The situation now is very different. The severe supply-demand gap has been steadily closing over the past year and a half, with new construction boosting supply—to the point where some landlords have been struggling to find tenants and offering rental concessions such as the first month rent-free or free parking. The rental vacancy rate rose to 6.6% in the third quarter of 2023, the highest level since the first quarter of 2021, which was during the era of COVID pandemic restrictions. 

More Renters, Lower Rents

The apartment building sector is gaining momentum. New construction of apartment buildings rose by 7% year over year in the third quarter of 2023 to a seasonally adjusted rate of 1.2 million. This is the highest rate in the past 30 years. New construction starts in the sector are declining somewhat, falling 26.2% year over year in the third quarter, but the overall rate of new starts that have just begun is still historically high, standing at 1.2 million. 

Redfin chief economist Daryl Fairweather interprets the data as a sign that ‘‘rents have started falling in a meaningful way. Rising supply […] means renters have more good options to choose from.’’

Rising supply isn’t the only reason why rents are falling. There are larger socioeconomic factors at play. The biggest one is, of course, the nationwide shift toward renting as a longer-term option as homeownership becomes less and less affordable

Currently, 1 in 3 people in the U.S. are renters; they rent for longer than before and are older than ever before. This trend toward longer-term renting is changing the status of renting from the short-term stopgap option before homeownership to more of a valid lifestyle choice. Fairweather says that ‘’with homeownership so expensive, renting has started to lose its stigma.’’

The ongoing uncertainty about the economy is also contributing to declining rents. People are becoming more cautious about spending and a little more conservative about what they consider a reasonable amount to spend on rent than they were even a year ago. 

What Does This Mean for Real Estate Investors?

If you’re a real estate investor and these trends are making you nervous, there is a silver lining: The rental market is not uniform, and apartment buildings represent only one segment of it. While this segment is currently on a downward trajectory, Redfin predicts that 2024 will be a good year for the single-family home segment of the rental market. That’s because there aren’t as many single-family homes available to rent, while demand for this type of rental is growing. 

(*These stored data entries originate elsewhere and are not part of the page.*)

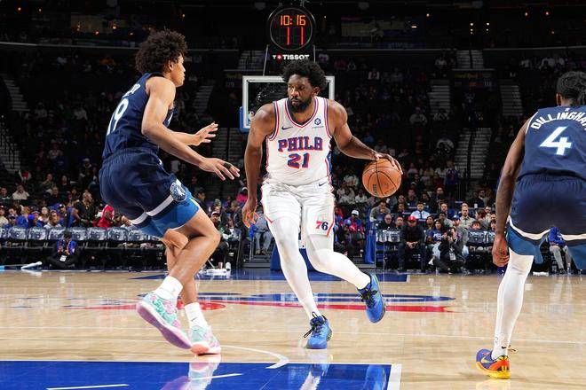 进入第二节,恩比德继续在攻防两端发挥作用,帮助球队保持领先。在半场结束前,他外线命中了一记三分球,随后又完成了一次反击,慢三步上篮得手。半场结束时,恩比德的个人数据为9分、5个篮板和7次助攻,外加3次抢断,表现相当全面。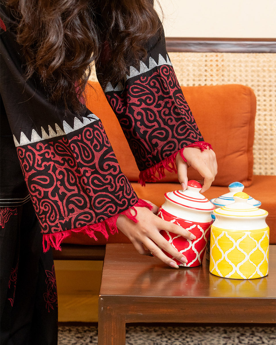 First wash dry clean only. Afterwards, gentle handwash at home. Do not soak in water. Avoid drying directly under sunlight.
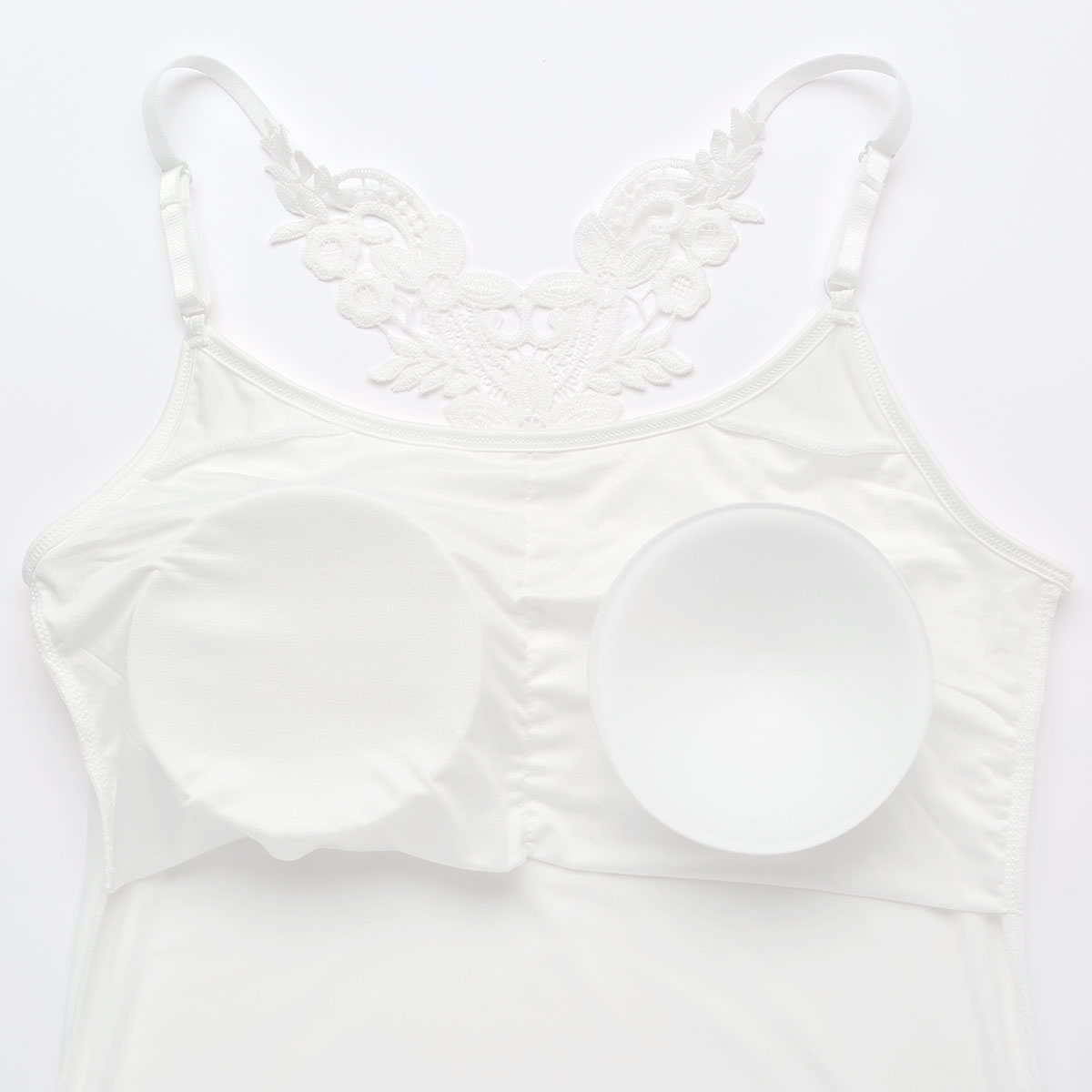 ブラカップ付きなので、1枚で着用ができ、肩や背中が開いた肌見せファッションとの相性バッチリ!カップは取り外し可能です。

This growth is driven mainly by millennial renters, many of whom are still priced out of homeownership but have a real need for more spacious family housing as they start and grow families. Family homes are also popular rental options for millennials who prefer working from home and sharing a house with friends.   

As an investor, you should also consider the ever-prevalent regional differences in the rental market. While rental prices are declining overall, they are steadily growing in the Midwest. Rental prices in this region climbed a very healthy 4.6% year over year to an average of $1,434. Parts of the Midwest are experiencing something of a housing boom, with many renters attracted by the overall affordability of the region.

It’s a very simple pattern: As the economic outlook worsens and people become more aware of their spending, they look for cheaper areas to live. This migration causes rental prices to rise in the now-popular region, while the expensive areas experiencing the exodus see falling prices. Currently, all other U.S. regions are seeing these declines, following years of unprecedented rent increases during the pandemic.  

Want to know the one place you should be looking at as a real estate investor right now? It’s Milwaukee. This Midwestern city is seeing a robust demand for affordable rentals, partly in response to the increasing unaffordability of homeownership. Owning a unit here is a sure bet, according to local Redfin real estate agent Keisha Tally: “Every time one of my own units goes vacant, I get a ton of applicants.” 

The Bottom Line

Identifying locally booming markets is a must for any investor right now, as these will continue offering opportunities for a reliable rental income in 2024 and beyond.